Processing of tentatives/unknowns

sneumann commented 10 years ago

Issue by schymane from Monday Oct 28, 2013 at 13:42 GMT Originally opened as https://github.com/sneumann/RMassBank/issues/34

This relies on other discussions to set the tagging. TBC.

schymane commented 9 years ago

Talk about this after BioC release

schymane commented 9 years ago

Erik and I also discussed this today, a summary: Michele and I both feel that MetFrag in RMassBank is out of the scope, certainly for the moment. More fundamental things that need to be addressed first to enable RMassBank to even create tentative/unknown spectra suitable for upload to MassBank. Assuming the user knows why they want the spectra and how they identified it we need the right comment fields, the correct way to represent the results, what do we do without structures, how to skip the recalibration and formula annotation without a formula available ... (but still do this if we do have a formula but not structure). Case 1: we have a structure but it's not certain => this is only a comment in the MassBank record Case 2: we aren't exactly sure about the structure but we have a formula => can still perform most aspects of the workflow Case 3: we have an exact mass with a cool spectrum that we want to share with the world, but we can't identify it Strategy: RMassBank works off a compound list where the user gives SMILES (best case) or for tentatives/unknowns either a formula or mass along with a comment field and RMassBank takes this information and prepares the records as best it can (note, we probably need to deal with mixed lists...) Once we have the records there is absolutely nothing stopping anyone doing MetFrag on them ... we actually almost have all the bits and pieces ready but this is a different connection/scope and in my opinion the job of another package and not RMassBank at the moment.

ermueller commented 8 years ago

So, this is theoretically finished, but it needs cleanup and stuff like that.

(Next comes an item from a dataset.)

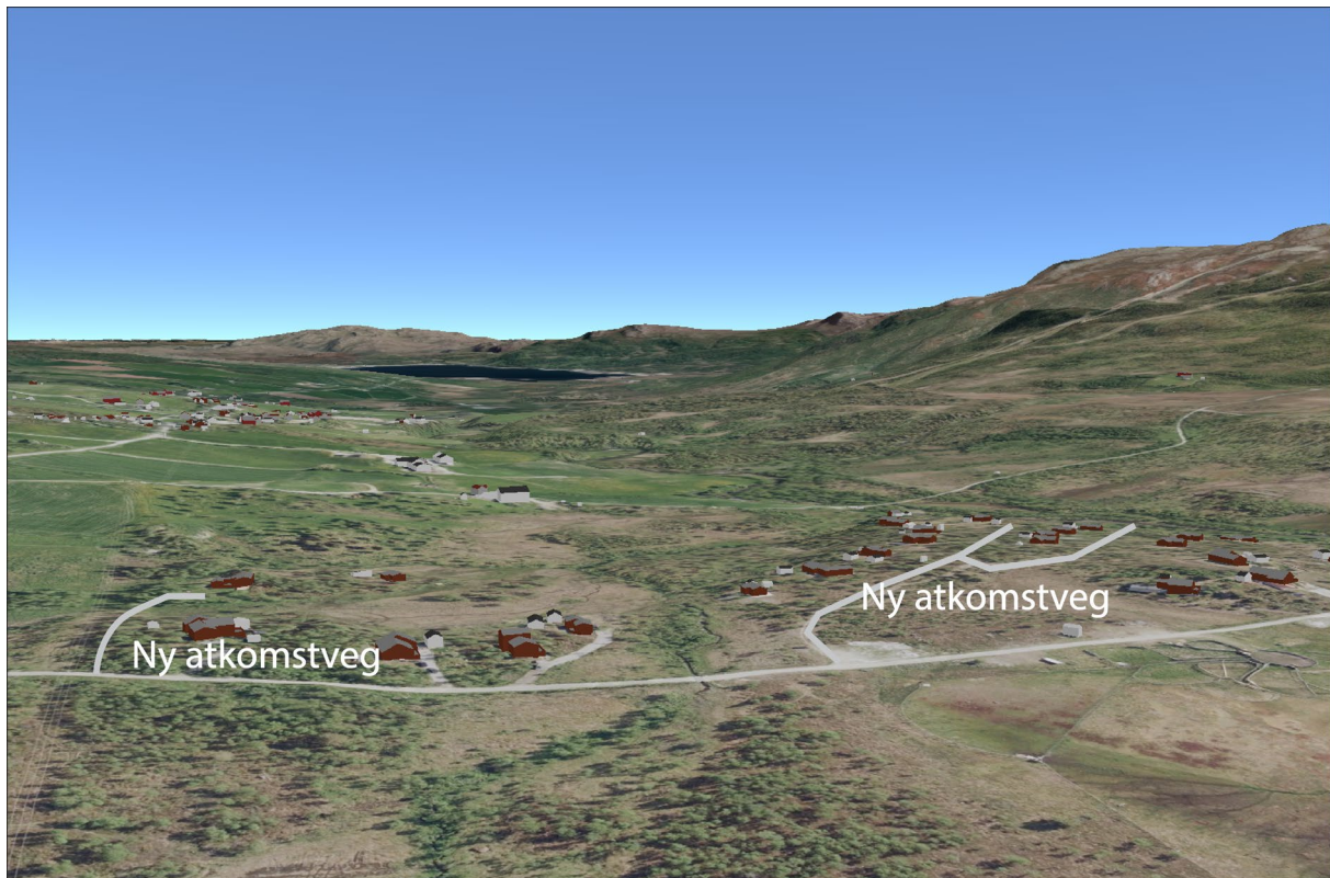
Fig. 3: Forslag til nye atkomstveger vist på 3D bilde

Docs are already in there, but this is all subject to change, since I already typed up a list for myself on where to clean up some code.

You'll all get a mail today with everything, I'll just test this a bit more and then type up some instructions.

Also, add a vignette for tentatives/unknowns? I feel that we have to. But I'd make that a separate issue.

EDIT: Just to clarify, I'll push the "unclean" version for now - the cleanup stuff would take quite some time.

schymane commented 8 years ago

Great! I agree that we need a vignette and that it should be a separate issue. Look forward to testing it ;)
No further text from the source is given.